Business leaders think differently today about how they engage and interact with customers and their own employees thanks to Social Media. In some companies, leaders have fostered a genuinely interactive culture—values, norms, and behaviors that create a welcoming space for dialogue.
Boris Groysberg and Michael Slind have been conducting a research project that focuses on the state of organizational communication in the 21st century to analyze how leaders manage communication within their organizations.
Over more than two years they interviewed professional communicators as well as top leaders at a variety of organizations—large and small, blue chip and start-up, for-profit and nonprofit, U.S. and international. To date they have spoken with nearly 150 people at more than 100 companies.

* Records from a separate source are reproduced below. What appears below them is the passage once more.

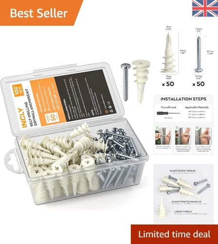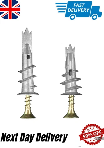 100 Pcs Plasterboard Fixings Self-Drill Cavity Wall Speed Anchor Plugs & Screws
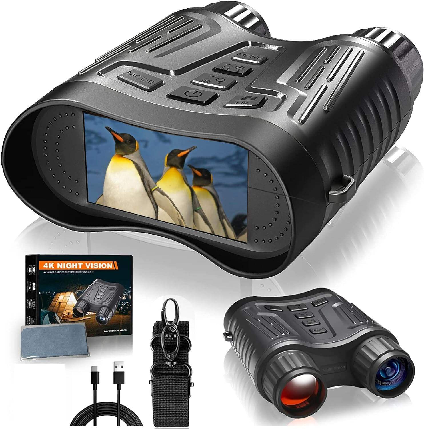 - 📸【 VERSATILE AND PORTABLE DESIGN 】- These digital infrared binoculars night vision goggles measure only 152*122*55mm and weigh 440 grams. Being so small and lightweight they are comfortable to wear on the head and they can also be fitted on a helmet. Very convenient for professionals and hobbyists alike. This 4K digital night vision binoculars with camera is perfect for day/night shooting, hunting, camping , surveillance etc.
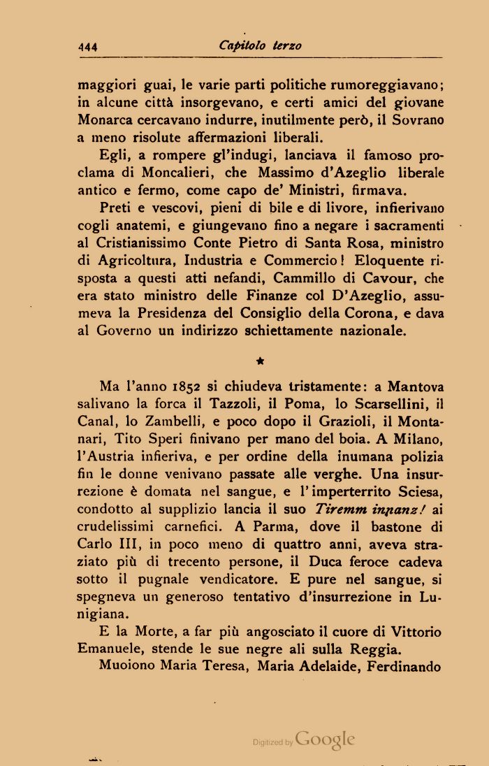 Ma l'anno 1852 si chiudeva tristamente: a Mantova salivano la forca il Tazzoli, il Poma, lo Scarsellini, il Canal, lo Zambelli, e poco dopo il Grazioli, il Montanari, Tito Speri finivano per mano del boia. A Milano, l'Austria infieriva, e per ordine della inumana polizia fin le donne venivano passate alle verghe. Una insurrezione è domata nel sangue, e l'imperterrito Sciesa, condotto al supplizio lancia il suo Tiremm injianz! ai crudelissimi carnefici. A Parma, dove il bastone di Carlo III, in poco meno di quattro anni, aveva straziato più di trecento persone, il Duca feroce cadeva sotto il pugnale vendicatore. E pure nel sangue, si spegneva un generoso tentativo d'insurrezione in Lu-nigiana.

Both implicitly and explicitly, participants in their research mentioned their efforts to “have a conversation” with their people or their ambition to “advance the conversation” within their companies. Building upon the insights and examples gleaned from this research, Groysberg and Slind have developed a model of leadership that they call “organizational conversation”, and they have concluded that traditional corporate communication must give way to a process that is more dynamic and more sophisticated. Most important, that process must be conversational.
According to their study, they have observed that by talking with employees, rather than simply issuing orders, leaders can retain or recapture some of the qualities—operational flexibility, high levels of employee engagement, tight strategic alignment—that enable start-ups to outperform better-established rivals.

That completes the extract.